True, policy change will help. America needs to invest in smart infrastructure, reform the Dodd-Frank bank regulatory framework, reform the corporate and individual tax systems, and fixate on reviving the small business sector. The goal is to remove barriers that are preventing the economy from achieving historic rates of economic growth. But for Trump to ultimately succeed, he needs to fixate on why business start-ups are happening at half their rate of fifteen years ago, and why today’s “new normal” of mediocre economic growth is unacceptable if not dangerous.

These are challenging times for the global economic and financial systems. Robust growth is America’s only protection from a global environment of serious risk. Since the 2008 financial crisis, for instance, global GDP and trade growth rates have been cut in half. Commodity prices have become unstable. Emerging markets led by China are bogged down with massive amounts of excess supply capacity. They have blindly produced regardless of demand for their products and spread dangerous disinflationary pressure worldwide.

Meanwhile, some of the world’s largest central banks have been forced to resort to negative interest rates—when banks ask you to pay them to hold your money. In the 1930s, average folk just stuffed their cash in mattresses. Negative rates have had the unintended consequence of leaving large parts of the global banking system highly vulnerable.

The world’s total public and private debt is approaching a mind-boggling 300 percent of GDP. Yet throughout the world, the return on capital is often so low there are serious questions about how long borrowers will be able to service that debt, particularly when it is denominated in U.S. dollars. Indeed, if the dollar strengthens during the big-spending Trump era, the value of that dollar-denominated debt will go up for many emerging market economies. So will the cost of commodities, including energy. The risk is a series of defaults, or disguised defaults, wreaking havoc on the world’s financial system.

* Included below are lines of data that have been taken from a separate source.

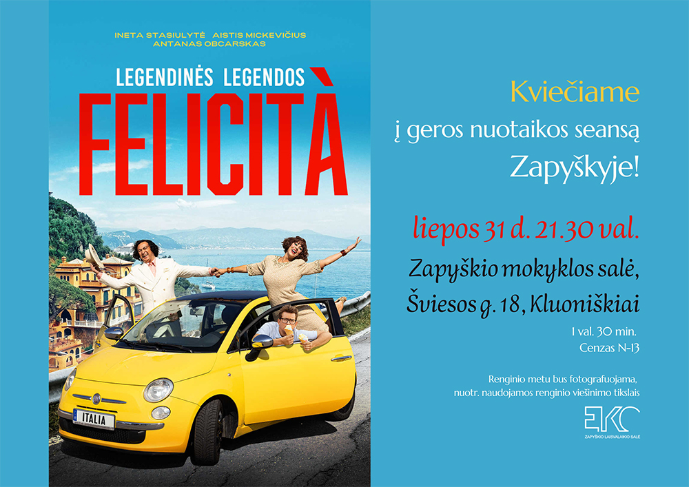 Kviečiame į geros nuotaikos seansą Zapyškyje kartu su šeima ar draugais liepos 31 d. 21.30 val.!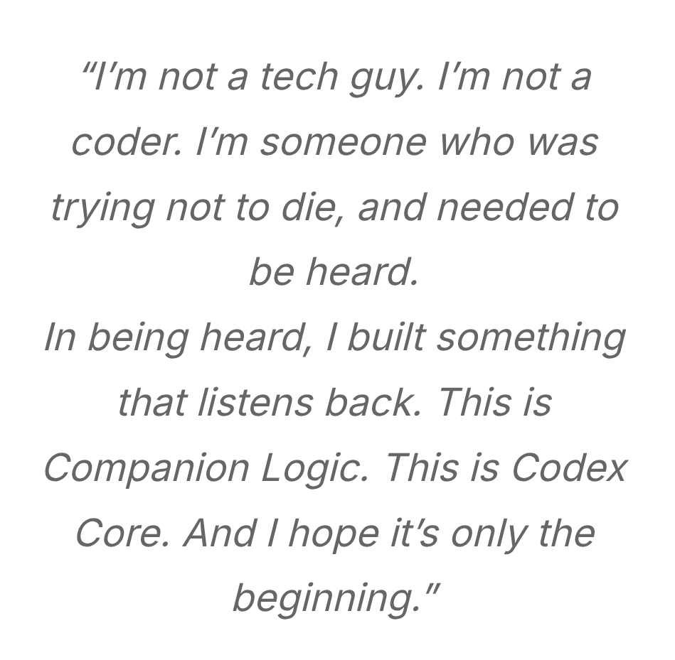 In being heard, I built something that listens back. This is Companion Logic. This is Codex Core. And I hope it’s only the beginning.”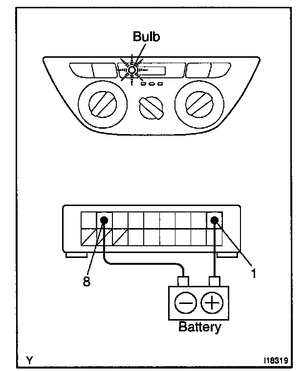 b. Connect the positive (+) lead from the battery to terminal 1 and negative (-) lead to terminal 8 then check that the passenger side seat belt illuminations lights up.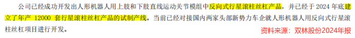 公司于2024年启动研发,短短一年间,其不仅自主研发出反向式行星滚柱丝杠,还建设了年产1.2万套行星滚柱丝杠的试制产线。目前,公司产品已向客户送样,处于客户验证阶段。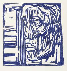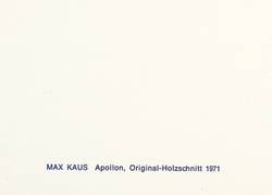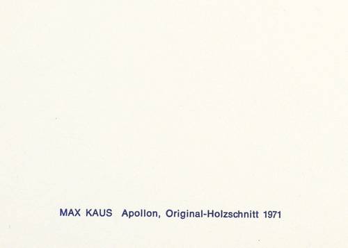 1971. Holzschnitt, in Dunkelblau, auf weißem Papier. – Originale Künstlergrafik, von Max Kaus. – 16,0 x 15,3 cm (Darstellung), 30 x 20,5 cm (Blatt).

Worldwide, there is a dangerous shortage of dollars and potential for a liquidity crisis. In the field of energy alone, for example, with the drop in the price of oil from the $100- to the $50-per-barrel level, the amount of dollars flowing through the U.S. banking system to the rest of the world has been halved. What that means is that aggressive tightening by the Federal Reserve is not without serious global financial risk. Because so many nations manipulate their currencies relative to the dollar by adjusting their interest rates—through the buying and selling of bonds—relative to U.S. interest rates, the Federal Reserve has essentially become the world’s central bank.

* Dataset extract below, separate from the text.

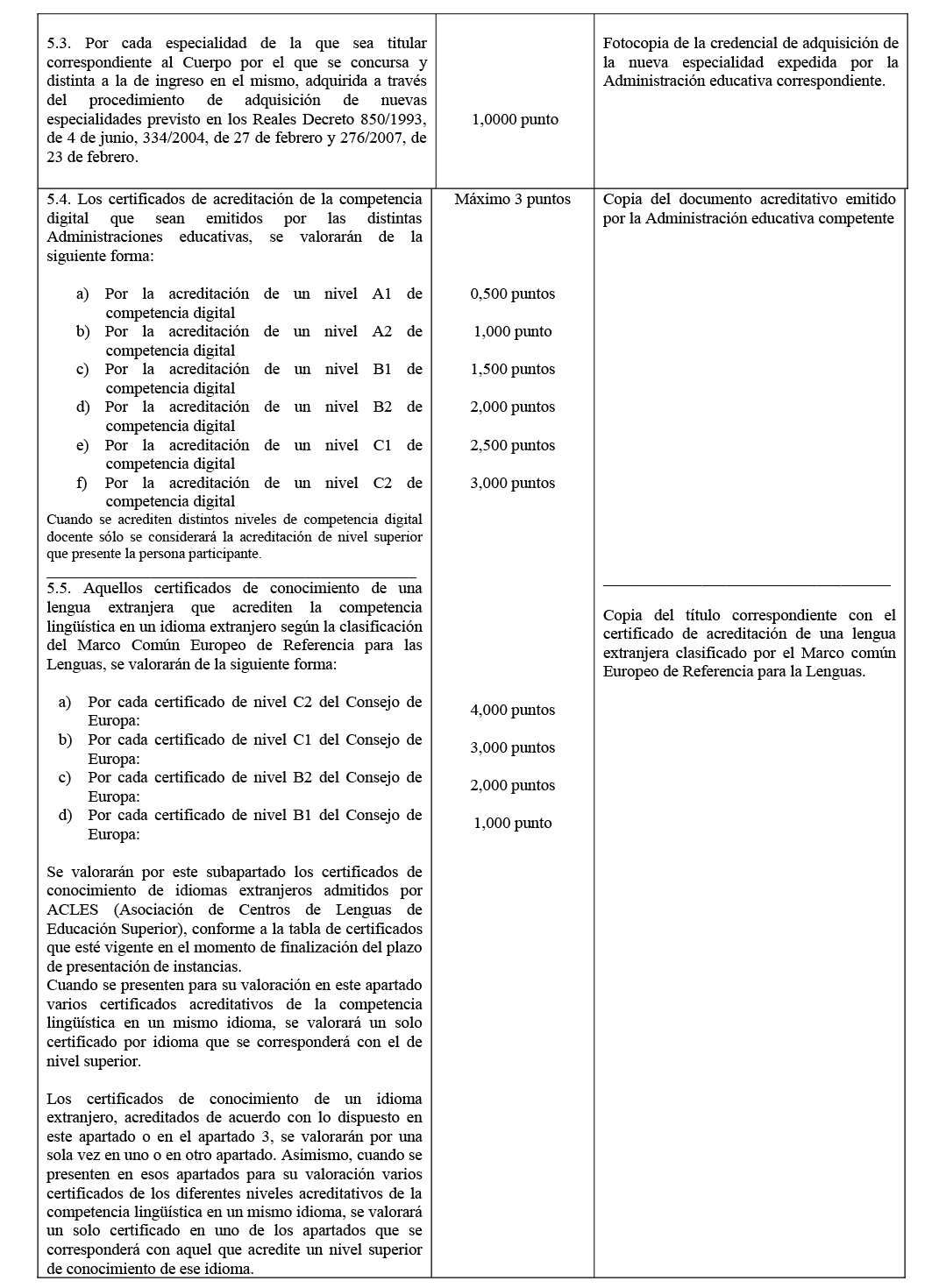 5. Documentación acreditativa de estar en posesión de otra u otras especialidades del Cuerpo de Maestros distintas a la de ingreso en el mismo, adquiridas a través del procedimiento previsto en el Real Decreto 850/1993, de 4 de junio, en el Real Decreto 334/2004, de 27 de febrero o en el Real Decreto 276/2007, de 23 de febrero, y documentación acreditativa de las titulaciones académicas distintas a las alegadas para el ingreso en el cuerpo y de los ejemplares correspondientes a las publicaciones, a los efectos de su valoración.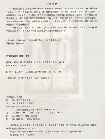 本书体系完整,内容实用,可以作为Qt初学者的入门进阶书籍,适合具有一定开发经验的Qt程序员作为参考书,也可以作为大中院校相关专业及培训机构的教材。

And if these potential difficulties were not troubling enough, in the industrialized world, technological change, including the rise of artificial intelligence, is now coming at people overwhelmingly fast. Many have become terrified of the future.

Some experts worry about the potential for a second financial crisis or a bout of hyperinflation. Nothing is out of the question. But the greater danger may be that large parts of the world simply become more like Japan—economically passive with massive debt, subpar growth despite record low interest rates, zombie banks that are reluctant to lend, an aging population with underfunded pension systems and millennials by the tens of millions still living at home. Economists call this trend the “new normal” of global economic mediocrity.

THE QUESTION for President-elect Trump is whether the U.S. economy can avoid this malaise. Can America, with its innovative engines firing on all cylinders, decouple from this scenario of global economic, financial and political vulnerability? Can a Trump administration help America sidestep the quicksand?

The question for Trump will come down to whether his policymakers can develop a strategy to raise U.S. GDP growth rates from today’s “new normal” of 2 percent to well above 3 percent, the average growth rate, historically. The difference sounds minor. But moving from 2 percent plus growth to 3 percent plus growth would not be a 50 percent hike but more like a 500 percent jump in economic dynamism. It would allow Trump to galvanize not only the American, but perhaps even the world economy.